Here is what the two frames look like from the factory with the drawers removed. These "U" shaped assemblies only attach at the front face of the cabinet, so this frame that holds the drawer glides is free to flex up and down based on the load you put in the drawer.


On the top drawer, left side, I put a block between the frame and the side paneling of the upper shelf under the sink. I screwed into the frame from inside the cabinet through the panelling.


On the bottom drawer, left side, they do not have the paneling extend down to the bottom of the cabinet under the sink, so I took a piece of wood and screwed it right into the carpeted fenderwell and then screwed that piece of wood into the frame.

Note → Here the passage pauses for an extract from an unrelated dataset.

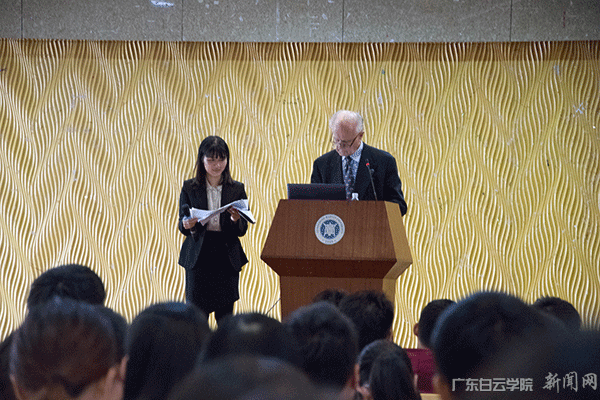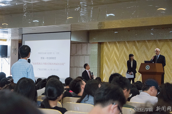 讲座中,凯瑞·考克斯教授以“从一个农民的儿子到大学校长的成长历程”为题,给我们讲述了他60年来的经历。他认为人生中最重要的就是:Keep Learning for Whole Life(活到老学到老),同时给予广东白云学院的学子们一些建议,如:学习上需确定目标,管理好自己的时间,做好充足的准备,学会从错误中学习正确的事情;交往上应小心受骗,欲交友必先成其友等等宝贵的人生学习经验,考克斯教授希望同学们能够树立自己的目标并能坚持走下去,在大学里不仅能得到学习上的进步,更能提升自我,期望同学们能有一个美好的大学生活。

For the top and bottom drawers right side I put a piece of wood between the frame and the outer wall of the cabinet (top frame shown, but bottom is done the same way) Here I ran the screw in from the outside of the cabinet (near the entrance door to the trailer), through the wood block and into the drawer frame. This is where a good carpenter or tech may have a better way without leaving exposed screws.

(whoops, there is a 4 picture limit per message)
Here is what the outside of my kitchen cabinet looks like. Note the two exposed screw heads, but hey, at least they are brown and Lucille didn't get mad about the exposed screws!

Again, see what their solution is. Let us see pictures of what they do. If they have a nice sturdy kit that does a better job, maybe it is worth a trip to the nearest Forest River dealer and I will take mine in and let them do the "factory fix", but I am trying to avoid the fun of that!